Following the company’s announcement that it would be letting go of more than 11,000 employees, Meta’s shares ended the day Wednesday up 5%.

The layoffs, in the opinion of UBS analysts, are a strong indication that the firm “gets it,” as seen by their positive response to Meta’s statement on Wednesday. The analysts kept their buy recommendation on Meta shares and praised Zuckerberg’s statement in his staff message about being “more capital efficient.”

In a note published on Wednesday, they stated, “We think Meta cost reductions – across opex and capex – shows that the management understands investors, and we think the shares may move higher.”

The third quarter saw a 19% year-over-year increase in Meta’s expenditures and expenses, raising them to $22.1 billion, which has investors worried. Late in October, the business gave lacklustre profit expectations for the forthcoming fourth quarter, which alarmed investors and sent its shares down about 20%.

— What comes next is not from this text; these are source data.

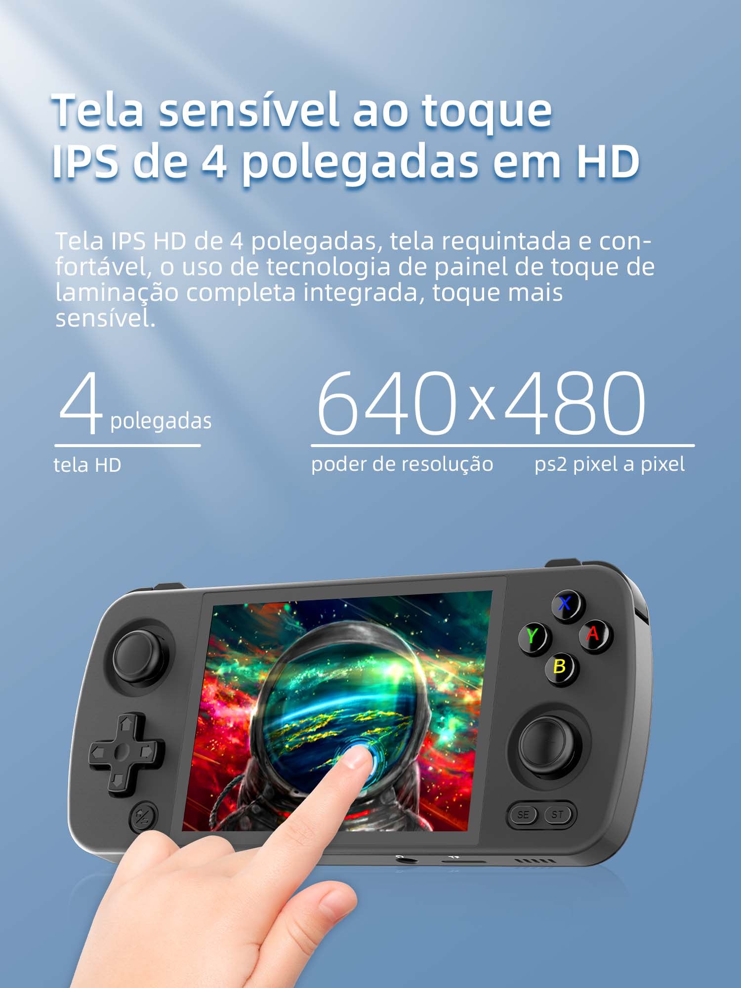 | Tela | Tela sensível ao toque IPS de 4 polegadas, resolução 640x480 | |||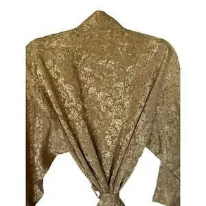 Avon Old Hollywood Regency Style vintage robe features a luxurious gold satin-like fabric with an intricate floral jacquard pattern throughout. Designed with a classic kimono-style silhouette, it includes wide three-quarter length sleeves and a matching self-tie waist belt to customize the fit. The elegant sheen and tonal rose motif provide a sophisticated look for lounging or bridal preparation. This lightweight piece offers a smooth texture and a relaxed, open-front drape.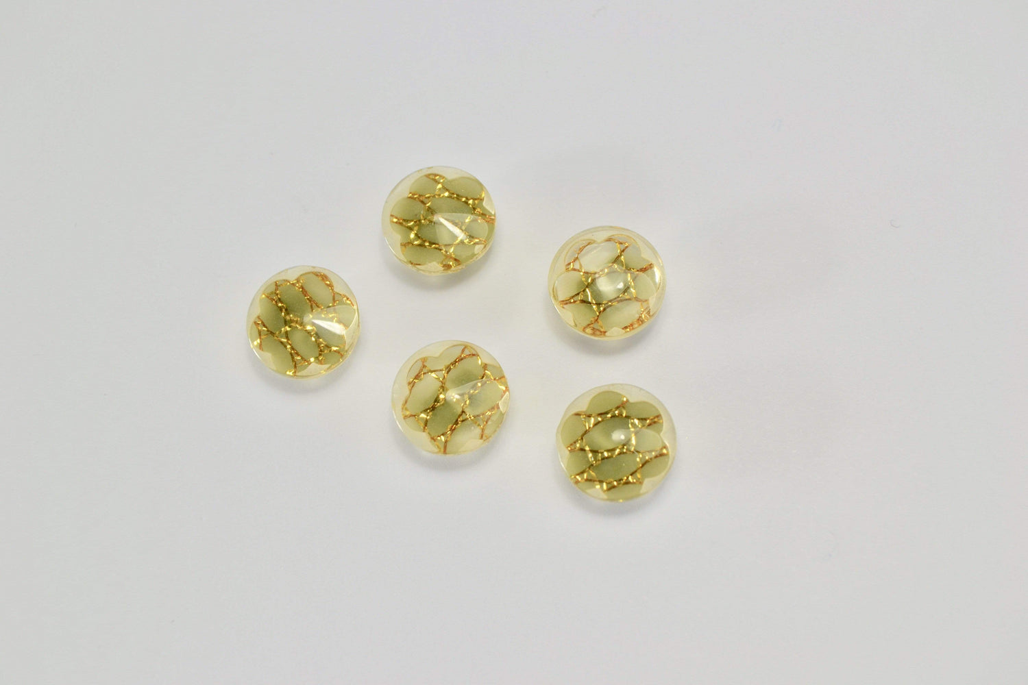 Grønne knapper med blomster mønster og guld detaljer. Knapperne er lavet af plastik og har en diameter på ca. 15 mm.

The value of Meta’s shares has fallen by more than 71% so far this year, and as of last week, the business was the S&P 500’s poorest performance.

The numerous difficulties Meta is experiencing are not resolved by the layoffs, according to analysts at RBC Capital Markets, but “management’s first olive branch is at least a start.”

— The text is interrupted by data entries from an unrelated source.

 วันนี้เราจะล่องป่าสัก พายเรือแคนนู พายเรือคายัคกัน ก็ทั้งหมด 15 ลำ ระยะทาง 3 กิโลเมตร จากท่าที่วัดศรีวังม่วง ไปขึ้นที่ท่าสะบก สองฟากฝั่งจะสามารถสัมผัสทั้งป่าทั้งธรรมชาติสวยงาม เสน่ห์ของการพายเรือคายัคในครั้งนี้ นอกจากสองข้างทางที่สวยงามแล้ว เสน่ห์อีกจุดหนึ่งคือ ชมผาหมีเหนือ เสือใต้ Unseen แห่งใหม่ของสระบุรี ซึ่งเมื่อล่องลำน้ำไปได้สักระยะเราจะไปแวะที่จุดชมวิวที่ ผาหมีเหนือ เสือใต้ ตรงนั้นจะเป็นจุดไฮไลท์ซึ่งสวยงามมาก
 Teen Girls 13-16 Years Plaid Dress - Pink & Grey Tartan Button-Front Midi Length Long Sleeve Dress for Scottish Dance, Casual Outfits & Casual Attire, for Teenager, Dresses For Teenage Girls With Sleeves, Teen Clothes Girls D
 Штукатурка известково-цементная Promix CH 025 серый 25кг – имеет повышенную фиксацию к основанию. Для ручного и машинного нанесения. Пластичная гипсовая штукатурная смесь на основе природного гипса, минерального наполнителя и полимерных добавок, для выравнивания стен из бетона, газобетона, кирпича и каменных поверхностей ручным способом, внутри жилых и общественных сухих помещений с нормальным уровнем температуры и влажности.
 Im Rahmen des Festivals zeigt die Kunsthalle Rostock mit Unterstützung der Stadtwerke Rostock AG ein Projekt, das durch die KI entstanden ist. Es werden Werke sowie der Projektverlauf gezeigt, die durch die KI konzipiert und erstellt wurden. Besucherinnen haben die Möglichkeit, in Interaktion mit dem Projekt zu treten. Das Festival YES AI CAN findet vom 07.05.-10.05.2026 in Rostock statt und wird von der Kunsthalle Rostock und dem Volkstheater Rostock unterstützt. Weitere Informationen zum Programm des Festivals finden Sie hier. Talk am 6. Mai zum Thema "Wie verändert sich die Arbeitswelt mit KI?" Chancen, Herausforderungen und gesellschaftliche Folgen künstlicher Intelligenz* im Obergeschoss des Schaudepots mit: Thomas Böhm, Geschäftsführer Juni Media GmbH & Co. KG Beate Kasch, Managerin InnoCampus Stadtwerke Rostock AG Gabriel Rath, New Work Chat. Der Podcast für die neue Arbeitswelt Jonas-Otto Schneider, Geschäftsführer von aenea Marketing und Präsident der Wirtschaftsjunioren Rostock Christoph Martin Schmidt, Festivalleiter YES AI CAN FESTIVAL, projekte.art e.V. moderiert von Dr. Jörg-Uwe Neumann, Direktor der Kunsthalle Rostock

On Meta, they kept their outperform ranking.

The RBC analysts wrote in a note on Wednesday that while the announcement “does nothing to alleviate the concerns around competition, signal loss and the perception of excessive Metaverse investment,” it is the first indication the CEO is willing to accede to shareholders’ desire for investing a bit more cautiously given the various headwinds the business faces.

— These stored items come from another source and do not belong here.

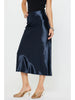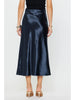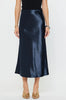 Satin slip midi skirt with shiny satin-like woven fabric.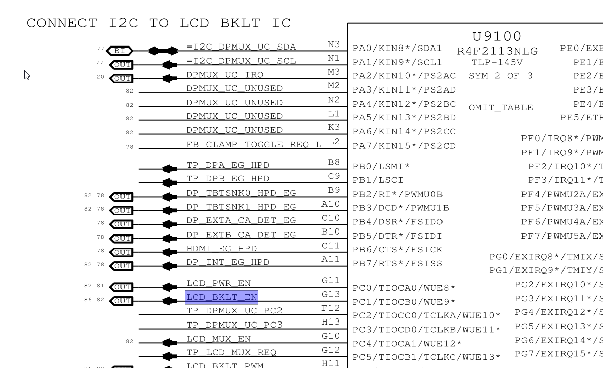 If it helps I previously attempted this: I jumped (LCD_BKLT_EN) to PP3V3_S0 in the U9100 area, and at pin 1 of LCD connector (PPVOUT_S0_LCDBKLT) I got 12.54v.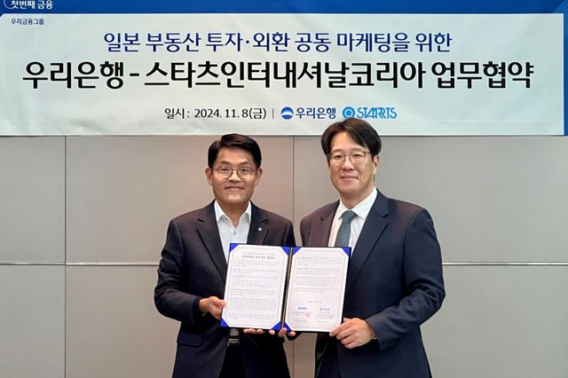 우리은행은 일본 부동산 기업 스타츠인터내셔날코리아와 일본 부동산 투자 원스톱 서비스 제공을 위한 업무 협약을 체결했다고 8일 밝혔다.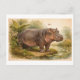 Vintage-Style Hippo Illustration Vykort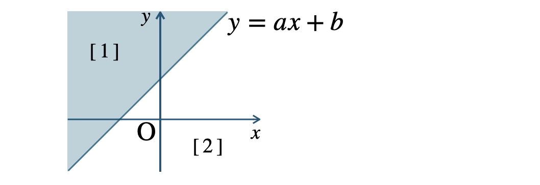 \({\small [\,1\,]}\) \(y{\small ~≧~}ax+b\) は直線より上側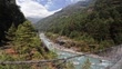 Footage while walking on Suspension Bridge for crossing the Dhudh Kosi river in Sagamartha national park in Nepal. - 4K stock video
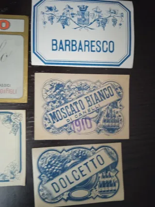 Lotto di antiche etichette di vini piemontesi, risalenti all'inizio del '900. Etichette per Barolo, Barbaresco, Grignolino e Moscato. - Marchi inclusi: Francesco Pittatore, Cantina Sociale Monforte d'Alba, Fratelli Florio, Benso Angelo. - Provenienti da diverse zone del Piemonte, tra cui Alba, Asti e Monforte d'Alba.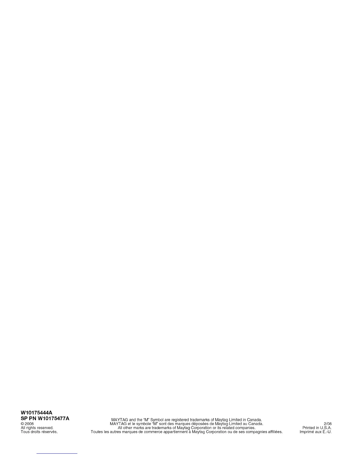 MAYTAG and the "M" Symbol are registered trademarks of Maytag Limited in Canada.
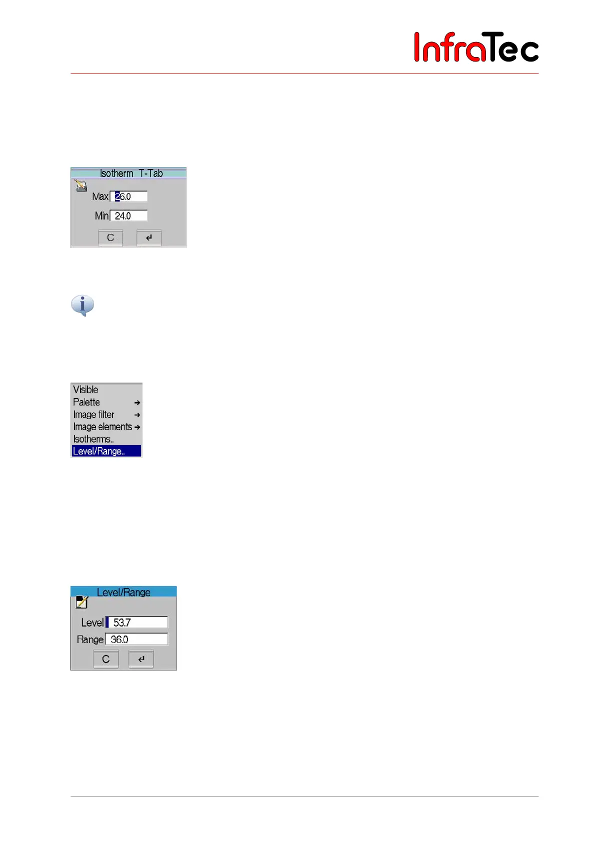 The menu item "Level/Range.." starts a dialogue for numerically defining values for the temperature

JPMorgan analysts expressed support for Meta’s staff cuts and stated that the business could possibly save $8 billion annually as a result of the layoffs.

“While we had hoped the 2023 expense outlook would decrease even further, the workforce reduction overall is probably greater than most people had anticipated and demonstrates management is operating with increased discipline, particularly after a difficult almost two-week period since reporting 3Q earnings,” says the author.